Belgian politician and historian (1939–2018)

Philippe Moureaux (12 April 1939 – 15 December 2018) was a Belgian politician, senator, mayor of Molenbeek-Saint-Jean, and professor of economic history at the Université libre de Bruxelles. He held the honorary title of Minister of State and was a member of the Order of Leopold II and the Order of Leopold.

==Biography==

Philippe Moureaux was born on 12 April 1939 in Etterbeek. He was the son of liberal minister Charles Moureaux and a mother from the Blaton family, known for its industrial background. He was married to Françoise Dupuis, a former president of the Brussels Parliament and former government minister, with whom he had two daughters, Claire and Catherine Moureaux.

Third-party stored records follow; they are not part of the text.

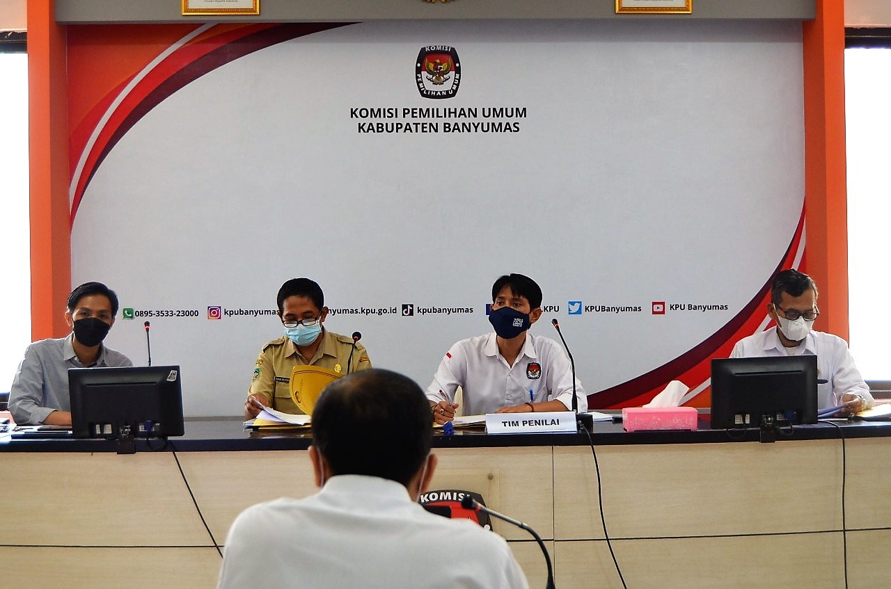 Purwokerto - Komisi Pemilihan Umum (KPU) Kabupaten Banyumas mengadakan seleksi wawancara calon tenaga profesional bidang Teknologi Informasi dan Komunikasi (TIK), Senin (24/05/2021) di Aula KPU Kabupaten Banyumas. Seleksi dilakukan oleh tim penilai yang terdiri dari Khasis Munandar, S.Pd.I, Divisi Perencanaan Data dan Informasi KPU Kabupaten Banyumas, Kasworo, SH, Sekretaris KPU Kabupaten Banyumas serta ahli bidang TIK, di antaranya Dr. Taqwa Hariguna, ST, M.Kom, akademisi dari Universitas Amikom Purwokerto dan Imam Munsyarif, S.Sos, M.Si dari Dinas Komunikasi dan Informasi Kabupaten Banyumas. Seleksi dimulai pukul 09.30 WIB diikuti oleh 3 peserta dari 5 calon tenaga profesional yang lolos seleksi administrasi, di antaranya Kristian Kukuh Pribadi, Ammar Sholeh Aryanto, dan Bintari Hidayanti. Seleksi dilaksanakan sesuai protokol kesehatan dengan selalu memakai masker, membasuh tangan dengan hand sanitizer sebelum memasuki ruangan, dan menjaga jarak.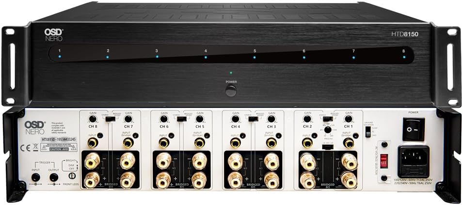 The OSD Nero 8-Channel Home Theater Amplifier delivers rich, powerful sound that transforms your home audio experience. With 175W RMS per channel, it’s ideal for home theaters, multi-zone setups, or adding depth with a subwoofer. Its flexible 8/7/6/5/4 channel bridging options & RCAs make it easy to connect & customize, while the efficient Class D ensures clean, distortion-free audio. Built to deliver exceptional performance, this amplifier will take your entertainment system to the next level.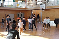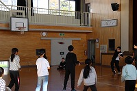 今日も「昼休みにみんなで遊びましょう」と6年生が声をかけました。今日はジェスチャーゲームのようです。1つ目のお題は「マリオ」です。写真のようなジェスチャーで伝えていき、最後の人は、一方は「マリオ」と答え、もう一方は「そば」と答えていました。何気ない動きをジェスチャーと勘違いしたのかもしれません。
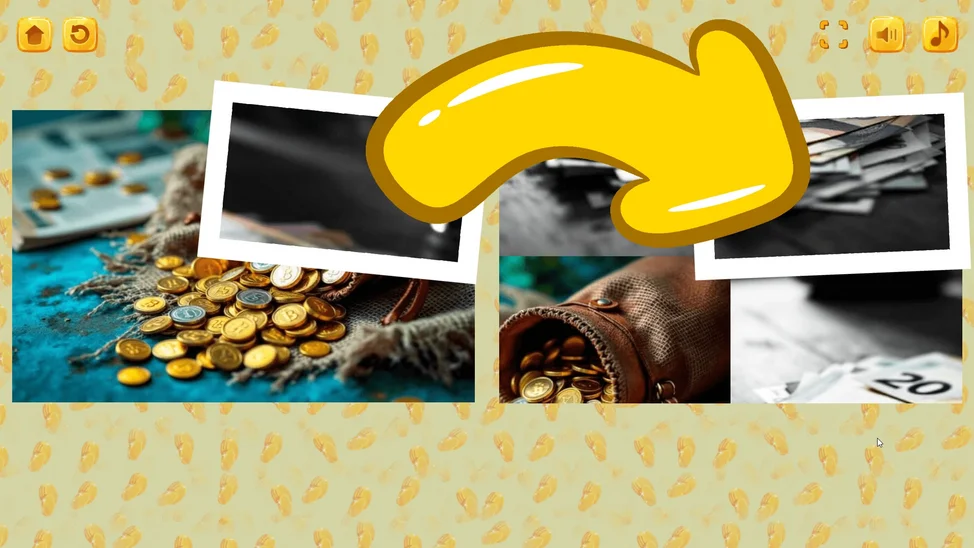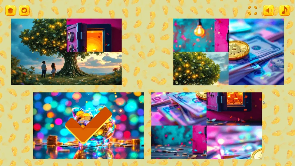 В игре "Микс пазл: Деньги" вас ждёт увлекательное путешествие по миру финансов! Разделённые на части картинки с изображением монет, банкнот и других символов денег ждут, чтобы вы собрали их обратно. Чтобы победить, нужно просто менять местами части пазла, возвращая им правильное положение. Это отличная игра для всех, кто хочет развить логическое мышление и познакомиться с основами финансов, одновременно наслаждаясь простым и увлекательным игровым процессом.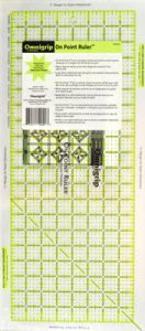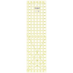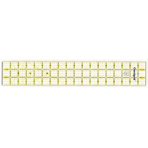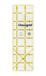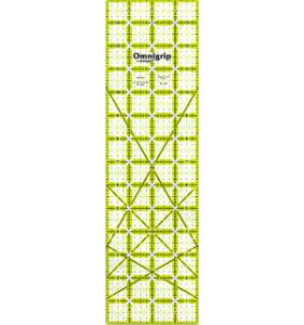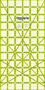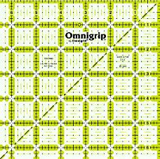 We have been selling Omnigrid rulers for 3 decades because we believe they are the best patchwork rulers on the market. Omnigrid patchwork rulers are consistently accurate and reliable and we use them everyday in the shop. Contrasting yellow and black lines allow the grid to be seen on light or dark fabrics. Omnigrip rulers are neon coloured and slide easily across fabric. Press down and the backing "grips" the fabric so you can rotary-cut with confidence.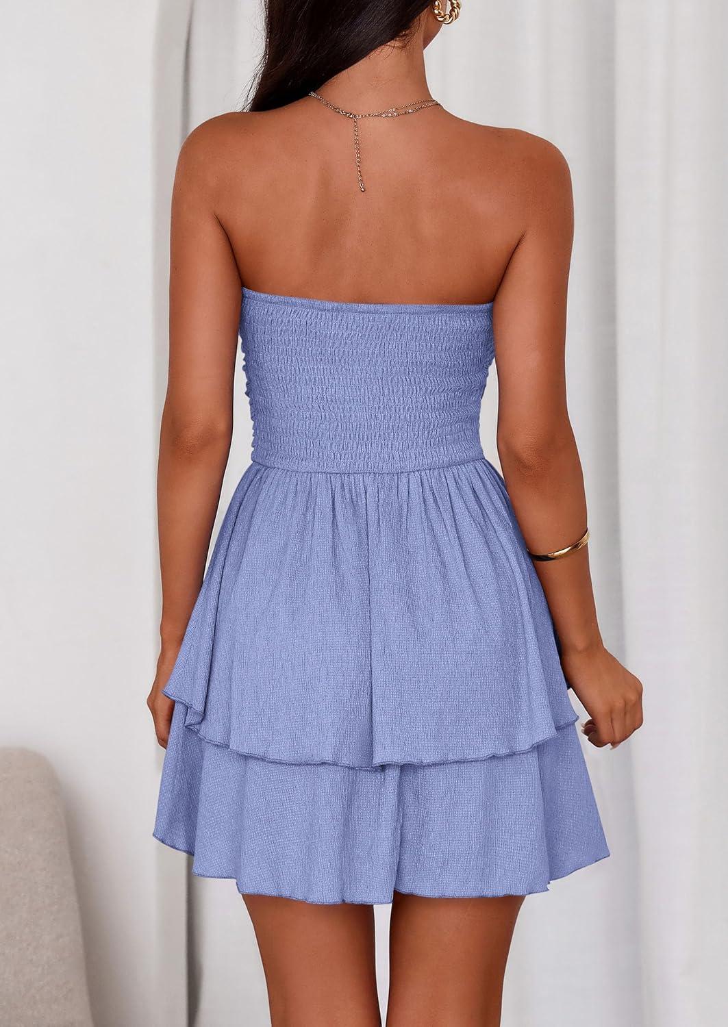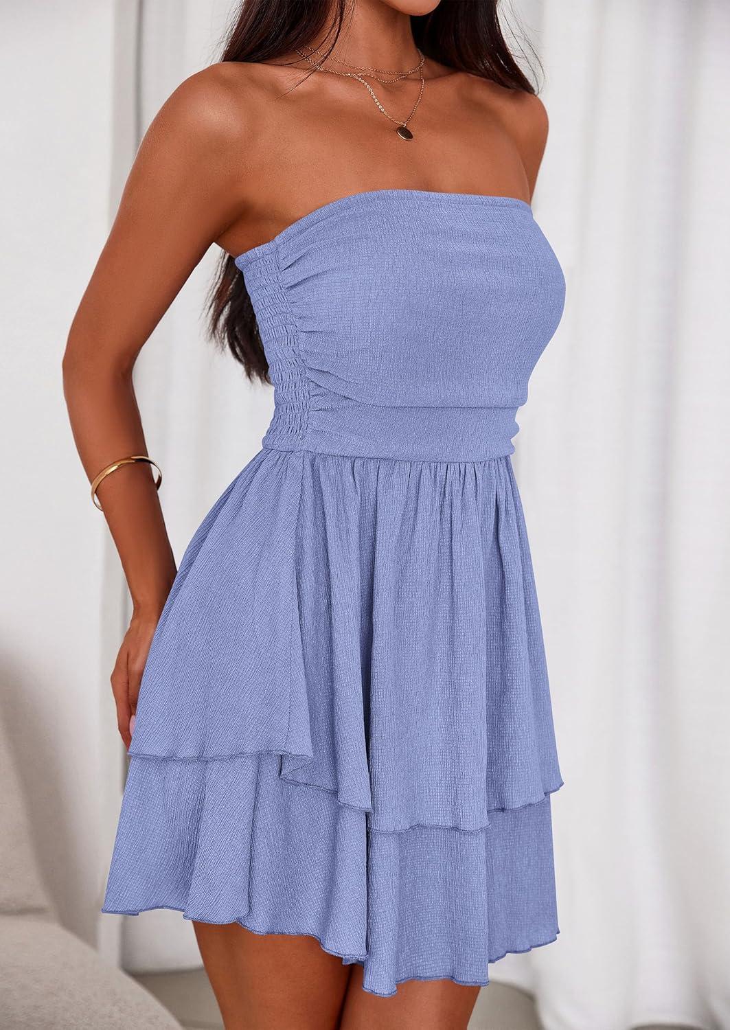 PRETTYGARDEN Women's 2025 Summer Strapless Tube Mini Dress Off Shoulder Smocked Ruffle A Line Flowy Short Party Club Dresses(Light Blue)

He divorced in early 2010 and remarried on 26 June of the same year. His second wife, Latifa Benaicha, was 35 years younger than him, of Muslim faith, and worked as a staff member in the office of Brussels Minister-President Charles Picqué.

== Minister ==
His first government post was a Minister of the Interior and Institutional Reform in the government of Wilfried Martens (Martens III) in 1980. Moureaux's name was attached to the loi contre le racisme et la xénophobie (Law against Racism and Xenophobia) of 30 July 1981 as he was then serving as Minister of Justice.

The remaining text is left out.